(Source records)
···
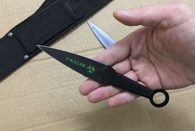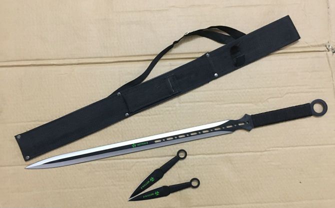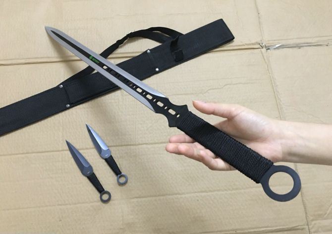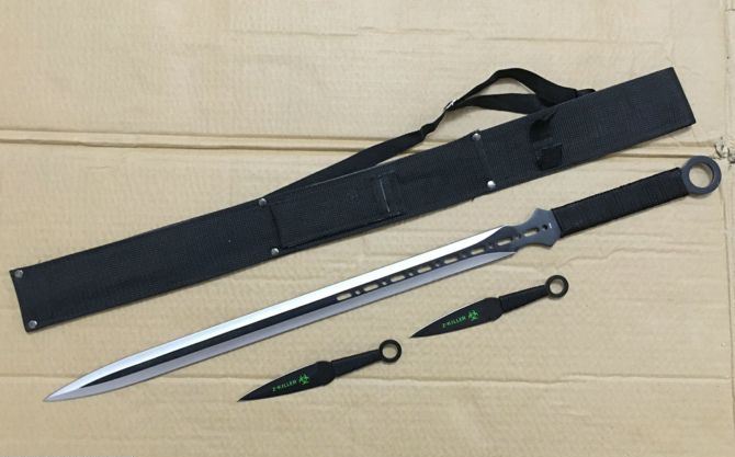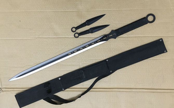 双镖忍者(白刃)忍者战刀 全 长:68.5cm 刃 长:47cm 刃 宽:3.2cm(最宽处) 刃 厚:3mm 柄 长:16.5cm 表 面: 发黑 刃 材: 440 硬 度: 56HRC 柄 材: 绑绳 重 量:500克(含尼龙套、飞镖) 包 装:尼龙套 飞镖尺寸 长:16.5cm 宽:2.5cm 刃 厚:2.8mm 刃 长:8.5cm 柄 长:7cm 表 面: 发黑 刃 材: 440 硬 度: 56HRC 柄 材: 绑绳
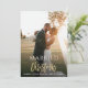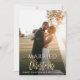 design de carte avec une photo de mariée et mariée et élégante typographie de brosse en faux or. Le texte et les couleurs peuvent être personnalisés.
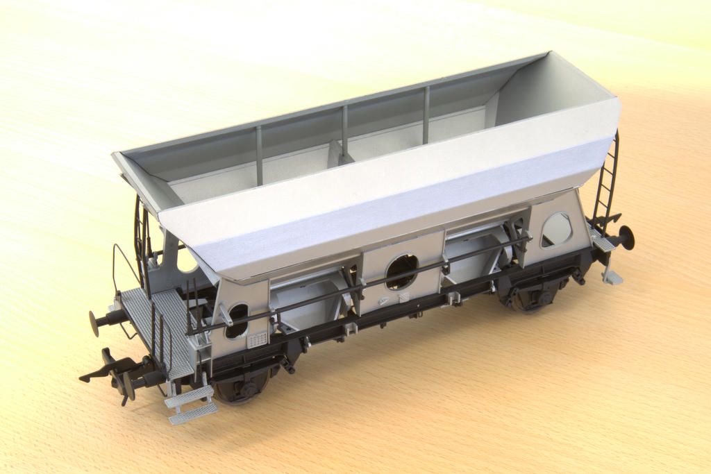 Neben den fast fertigen Modellen gab es auch Prototypen angekündigter Modelle in Nürnberg zu sehen. Der Talbot Schotterwagen kommt mit interessanten Funktionen, und auch der Selbstentladewagen Otmm 52 war als Vorab-Version in der Vitrine ausgestellt.
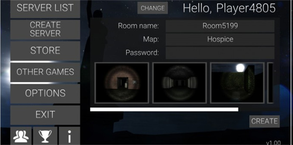 1、首先我们进入瘦长鬼影计划online手游,游戏界面第一个是房间大厅,第二个是创建房间,第三个是道具购买,其他可以不管!
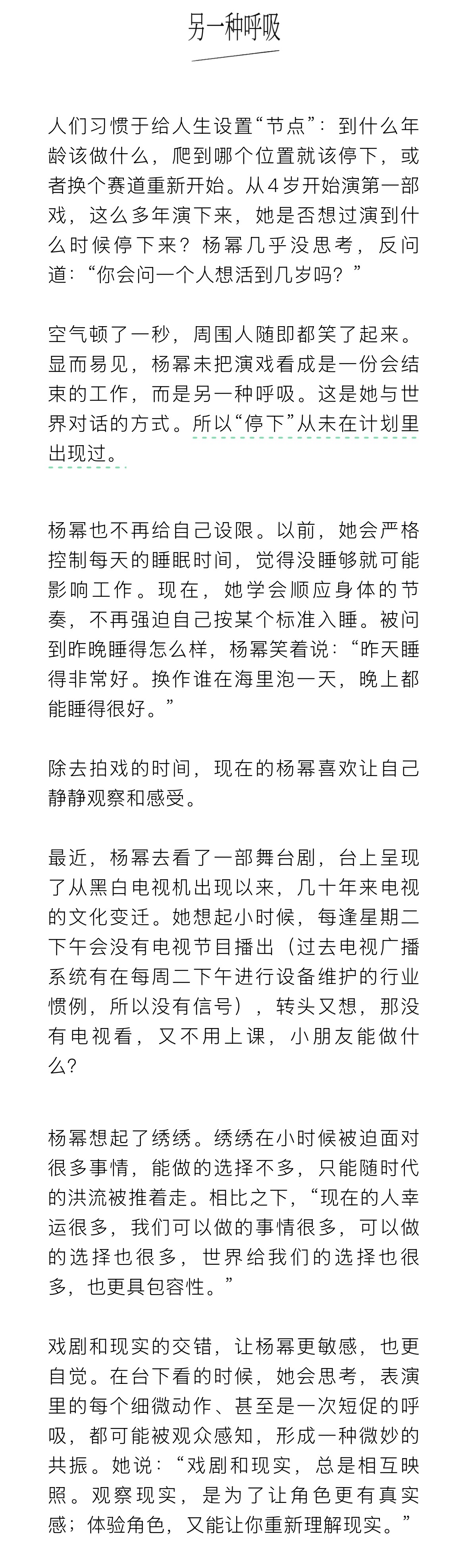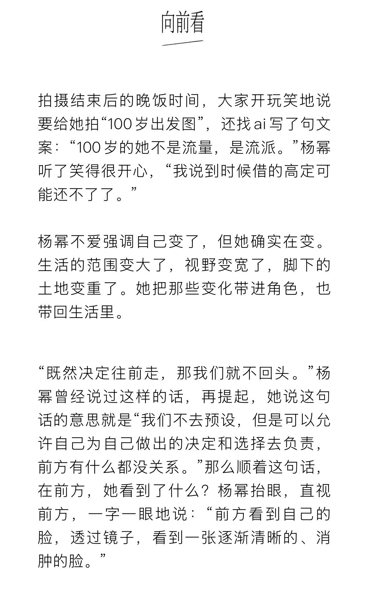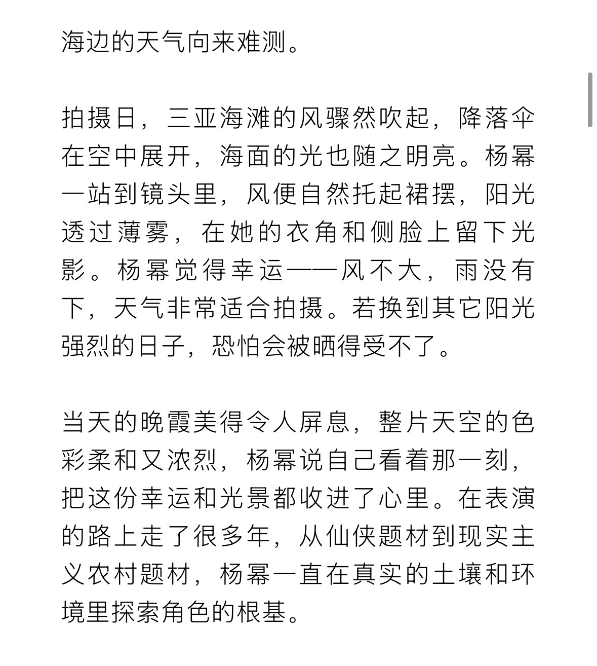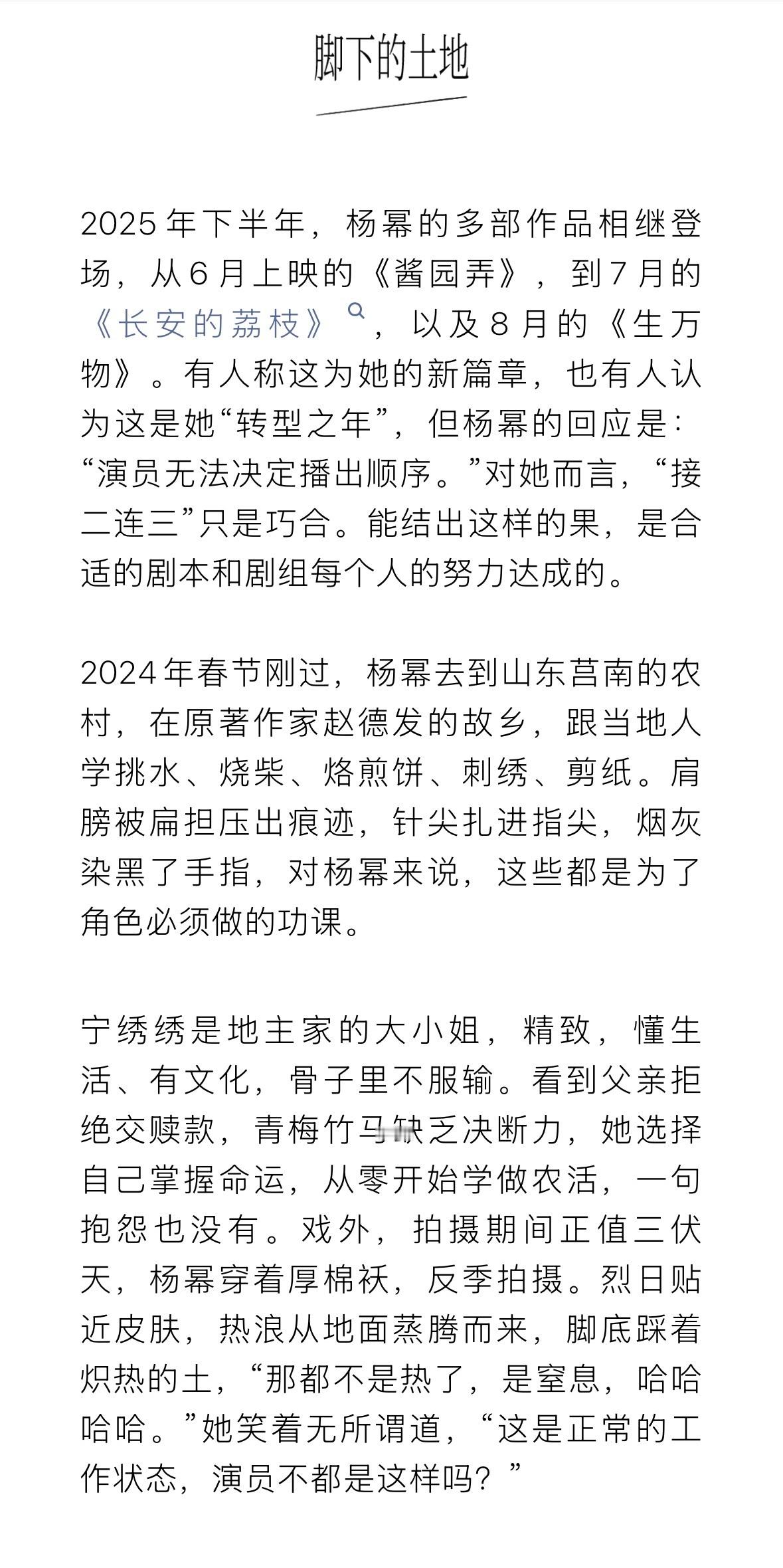 杨幂 vogue杨幂vogue开年刊封面 杨幂采访【杨幂:扎着根,活出花】(很有哲思的一段文字)当天的晚霞美得令人屏息,整片天空的色彩柔和又浓烈,杨幂说自己看着那一刻,把这份幸运和光景都收进了心里。小林哥建议去地坛,那儿地气很足。杨幂说“中国人骨子里还是依赖土地。老人说接地气,我觉得,那就是我们跟土地的连结。”她更理解宁绣绣,她像长在田埂旁的劲草,石缝里的野花。”看似普通,却有惊人的韧劲。绣绣只想把日子“过出花来”,而她在演绣绣的过程中,也在学如何把角色“过出花来”。拍《生万物》时,杨幂总是坐在监视器后,观察其他演员的表演,“很感谢主创们,因为大家都会有很多即兴或临时的东西”,她学习他们的动作、眼神和节奏,思考如何让角色自然生动。回想那段日子,杨幂觉得每天既紧张又刺激,但被滋养地很充实。我觉得现代女性没有一个严格的标准。无论哪个时代,女性的力量、女性的坚韧,都是存在的。戏剧角色经历跌宕起伏,她认为痛苦、困惑、情绪,都不是敌人,而是生活的一部分,不用拥抱,也不用推开。演王许梅会想到关雪,演绣绣时会想到王许梅。杨幂不认为角色是要从身体里赶出去的东西,而是它们本来就在那儿,像呼吸一样与她同在。杨幂不再给自己设限。除去拍戏的时间,现在的杨幂喜欢让自己静静观察和感受。戏剧和现实,总是相互映照。观察现实,是为了让角色更有真实感;体验角色,又能让你重新理解现实“既然决定往前走,那我们就不回头。”“我们不去预设,但是可以允许自己为自己做出的决定和选择去负责,前方有什么都没关系。”
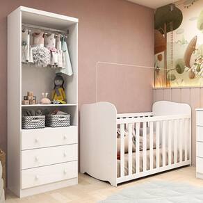 Conjunto para Quarto de Bebê com Guarda Roupa 2 Portas Smim e Berço Uli 100% MDF Móveis Peroba Branco Brilho
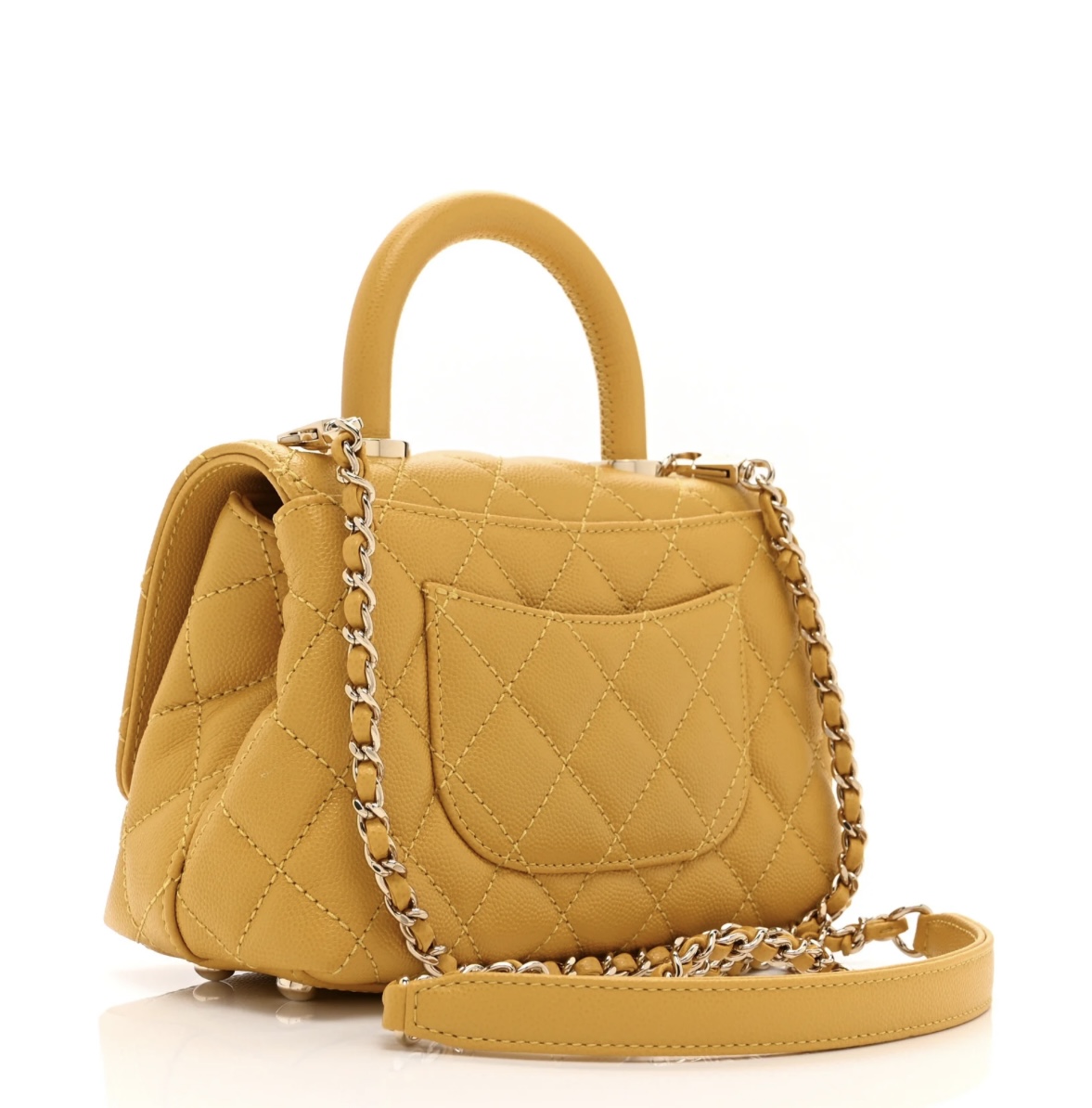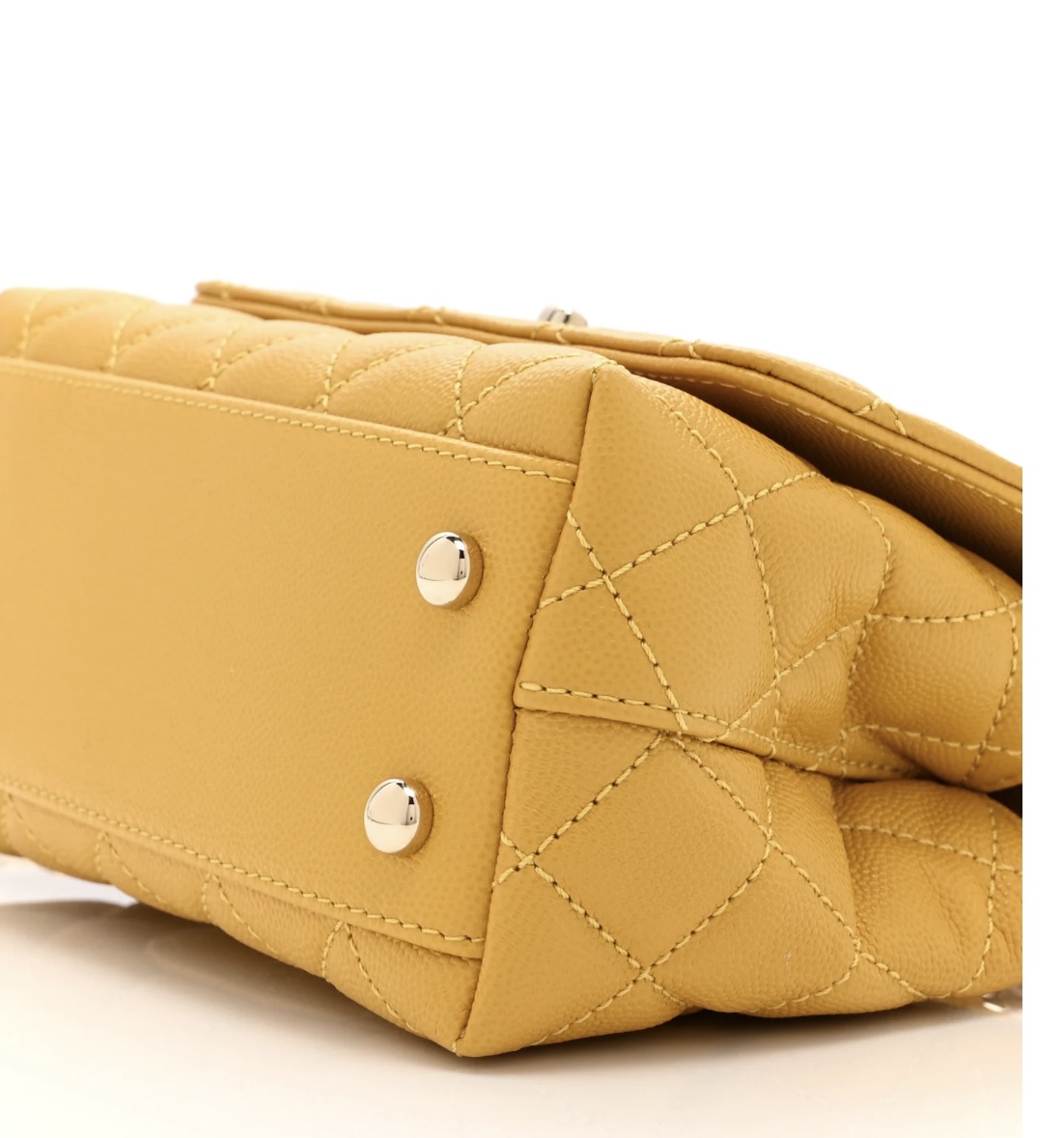 Caviar Quilted Extra Mini Coco Handle Flap Yellow
···
The answer must be an exact copy of the entries, with the pictures omitted.

◆ **Solved problem**
 双镖忍者(白刃)忍者战刀 全 长:68.5cm 刃 长:47cm 刃 宽:3.2cm(最宽处) 刃 厚:3mm 柄 长:16.5cm 表 面: 发黑 刃 材: 440 硬 度: 56HRC 柄 材: 绑绳 重 量:500克(含尼龙套、飞镖) 包 装:尼龙套 飞镖尺寸 长:16.5cm 宽:2.5cm 刃 厚:2.8mm 刃 长:8.5cm 柄 长:7cm 表 面: 发黑 刃 材: 440 硬 度: 56HRC 柄 材: 绑绳
 design de carte avec une photo de mariée et mariée et élégante typographie de brosse en faux or. Le texte et les couleurs peuvent être personnalisés.
 Neben den fast fertigen Modellen gab es auch Prototypen angekündigter Modelle in Nürnberg zu sehen. Der Talbot Schotterwagen kommt mit interessanten Funktionen, und auch der Selbstentladewagen Otmm 52 war als Vorab-Version in der Vitrine ausgestellt.
 1、首先我们进入瘦长鬼影计划online手游,游戏界面第一个是房间大厅,第二个是创建房间,第三个是道具购买,其他可以不管!
 杨幂 vogue杨幂vogue开年刊封面 杨幂采访【杨幂:扎着根,活出花】(很有哲思的一段文字)当天的晚霞美得令人屏息,整片天空的色彩柔和又浓烈,杨幂说自己看着那一刻,把这份幸运和光景都收进了心里。小林哥建议去地坛,那儿地气很足。杨幂说“中国人骨子里还是依赖土地。老人说接地气,我觉得,那就是我们跟土地的连结。”她更理解宁绣绣,她像长在田埂旁的劲草,石缝里的野花。”看似普通,却有惊人的韧劲。绣绣只想把日子“过出花来”,而她在演绣绣的过程中,也在学如何把角色“过出花来”。拍《生万物》时,杨幂总是坐在监视器后,观察其他演员的表演,“很感谢主创们,因为大家都会有很多即兴或临时的东西”,她学习他们的动作、眼神和节奏,思考如何让角色自然生动。回想那段日子,杨幂觉得每天既紧张又刺激,但被滋养地很充实。我觉得现代女性没有一个严格的标准。无论哪个时代,女性的力量、女性的坚韧,都是存在的。戏剧角色经历跌宕起伏,她认为痛苦、困惑、情绪,都不是敌人,而是生活的一部分,不用拥抱,也不用推开。演王许梅会想到关雪,演绣绣时会想到王许梅。杨幂不认为角色是要从身体里赶出去的东西,而是它们本来就在那儿,像呼吸一样与她同在。杨幂不再给自己设限。除去拍戏的时间,现在的杨幂喜欢让自己静静观察和感受。戏剧和现实,总是相互映照。观察现实,是为了让角色更有真实感;体验角色,又能让你重新理解现实“既然决定往前走,那我们就不回头。”“我们不去预设,但是可以允许自己为自己做出的决定和选择去负责,前方有什么都没关系。”
 Conjunto para Quarto de Bebê com Guarda Roupa 2 Portas Smim e Berço Uli 100% MDF Móveis Peroba Branco Brilho
 Caviar Quilted Extra Mini Coco Handle Flap Yellow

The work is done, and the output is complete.